Ah, sex writing. I kind of love this article, not just because I like sex in my stories, like sexuality in my stories, and not just because I also love writing about sex and sexuality. What really sells this article for me is the concentration on the ideas of inward-facing fiction and outward-facing fiction and how it complicates both. Sex writing is a weird thing, especially in SFF, because sex is something that is both sought and reviled. Books that focus on sex (or even really include sex) are often conflated with romance, with inferiority, with the feminine. Which is really messed up, because I have always loved explorations of sexuality in SFF. And now I read and write both mainstream and erotic SFF and the differences are…well, sometimes quite different and sometimes hardly existent. But the article does a very good job of showing the fallacy of seeing sex writing as having nothing to do with SFF, and also with showing that divides of "literary" and "genre" writing are largely artificial. My personal reasons for liking the article is that I'm still figuring myself out, still looking inward even as most of my erotic writing is more outward-facing. I'm still finding a balance and this article gives me hope. It's a very neat piece of nonfiction, so definitely take some time to give it a read.

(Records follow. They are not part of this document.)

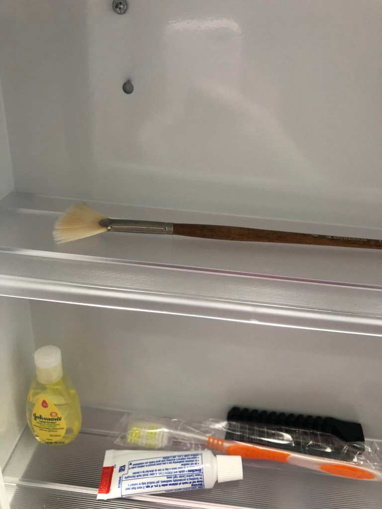 Here’s the thing… I told NO ONE that I had hidden the paint supplies on the top shelf of his storage closet, out of sight and out of reach. I was there every day, so I would’ve noticed that brush in the cabinet. And here’s the REALLY interesting thing… This brush was NOT among the group of brushes I brought over that day.
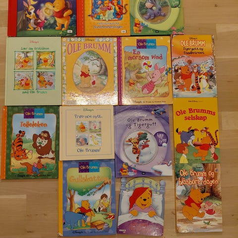 Disney Ole Brumm barnebøker samling. Pakken inneholder flere ulike Ole Brumm-bøker, blant annet kokebok, julefortellinger, bildebøker og fortellinger fra Hundremeterskogen. Bøkene er illustrerte og egner seg som høytlesningsbøker og bildebøker for barn. Flere av titlene har stive permer, og utvalget består av både lengre fortellinger og kortere historier om Ole Brumm og vennene hans.
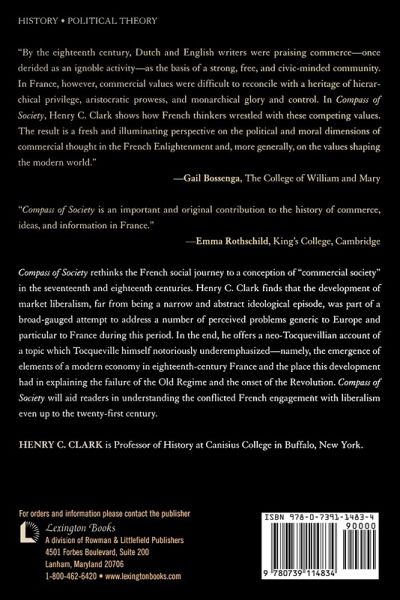 Compass of Society rethinks the French route to a conception of "commercial society" in the seventeenth and eighteenth centuries. Henry C. Clark finds that the development of market liberalism, far from being a narrow and abstract ideological episode, was part of a broad-gauged attempt to address a number of perceived problems generic to Europe and particular to France during this period.
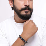 Men's leather bracelet with black rhodium plating. Wear with casual attire. To make your accessories last longer avoid harsh chemicals and moisture. Keep dry, clean with dry cloth and wear with panache. "India?s largest fashion jewelry brand DARE, comes from the House of Voylla as a limited edition of handcrafted accessories for the modern Indian men. "
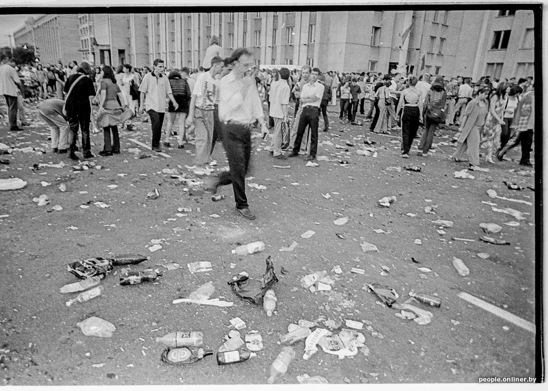 Большой концерт на площади Независимости: мода, молодежь и особая атмосфера (позже в наших репортажах мы более подробно вспомним об этом событии). Здесь еще нет «Столицы», но есть круговое движение. Где-то под ногами — кирпичная крошка.
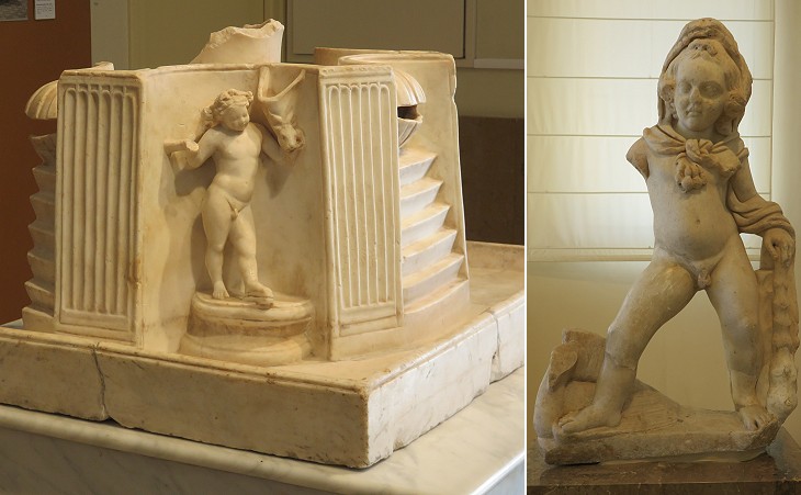 National Archaeological Museum of Tarragona: (left) domestic fountain (IInd century AD - see a similar one near Rome); (right) statue of Infant Hercules strangling a goose, a symbol of Juno, which was found at Collegium Fabrum, the seat of the corporation of building workers of Tarragona (marble from Paros)
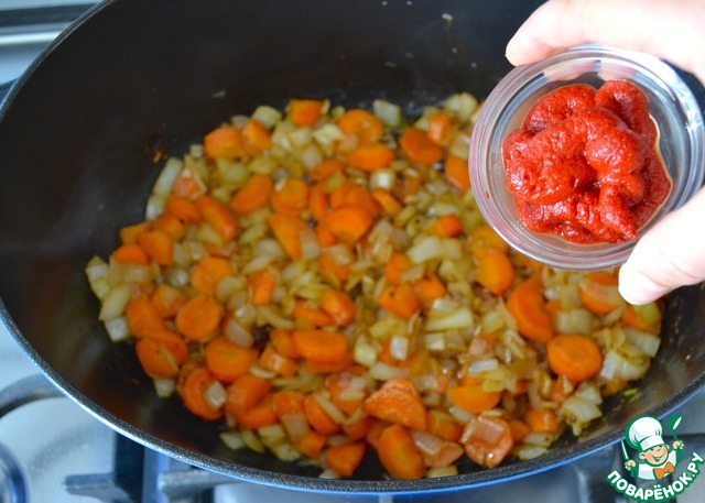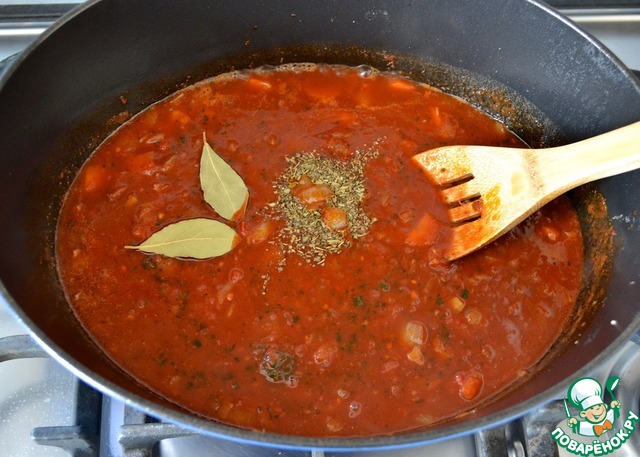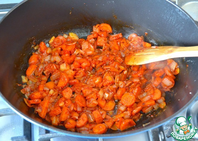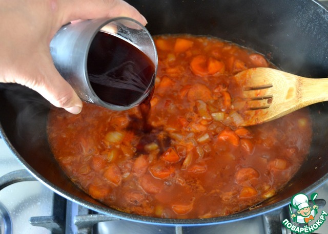 Следом добавить вино, консервированные помидоры и говяжий бульон.
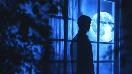 Silhouette of man standing by window with full moon outside in blue light, mysterious night scene. Contemplative solitude and introspection concept
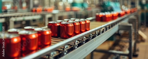 A production line in a canned food factory, with rows of sealed cans moving along a conveyor belt under industrial lighting. Free copy space for banner.

"Naked Prose" by Jon Courtenay Grimwood

Another excellent article about sex writing, this one focuses on the uses of sex in fiction, sex as a way of revealing character, as a way of forwarding plot. Sex being about something. And there's a lot to like about this consciousness of writing sex as craft, as having some agency as a writer in making the sex mean something. I'm not certain I necessarily agree one hundred percent, but that might just be because I believe that sex is basically always about something, always means something, even in works where sex is meant to be more erotic. This is a much different kind of article than the last, because there is no real engagement with erotica here. This is writing sex for more…hmmm…well, non-erotic writers. For genre writers or literary writers. There isn't an awful lot of talking to writers who want to write to arouse, to explore, and to engage directly and explicitly with sex and the erotic. It makes a very interesting contrast to the last article, though, and it offers up quite a bit of insight and advice for writers. A great idea to include both of these articles in the same week. Indeed!

"Intertitles: The Guest, Camp, and the Horror of Masculinity" by Genevieve Valentine

I'm not actually familiar with the main text being discussed in this column, but I don't feel I really need to be to understand that what's being talking about is the conversation that horror is having with itself. The way in which the old tropes, the camp, are being complicated. The way that works can use camp and the inherent silliness of it to question the idea of that camp really being funny. The column does a great job of showing how horror circles around ideas of toxic masculinity and sin and how as a genre it operates on certain tendencies in people that even while conscious of them can produce a rather…problematic text. Just being aware of the problems is not enough, basically. Instead, that awareness needs to lead to a complicating of what horror does, which is to play with human desire to see pain, the human desire to be scared but also to be comforted. And the column does a good job of asking if horror is something we should take comfort in, especially when its tropes are steeped in misogyny and racism. Another great piece of nonfiction.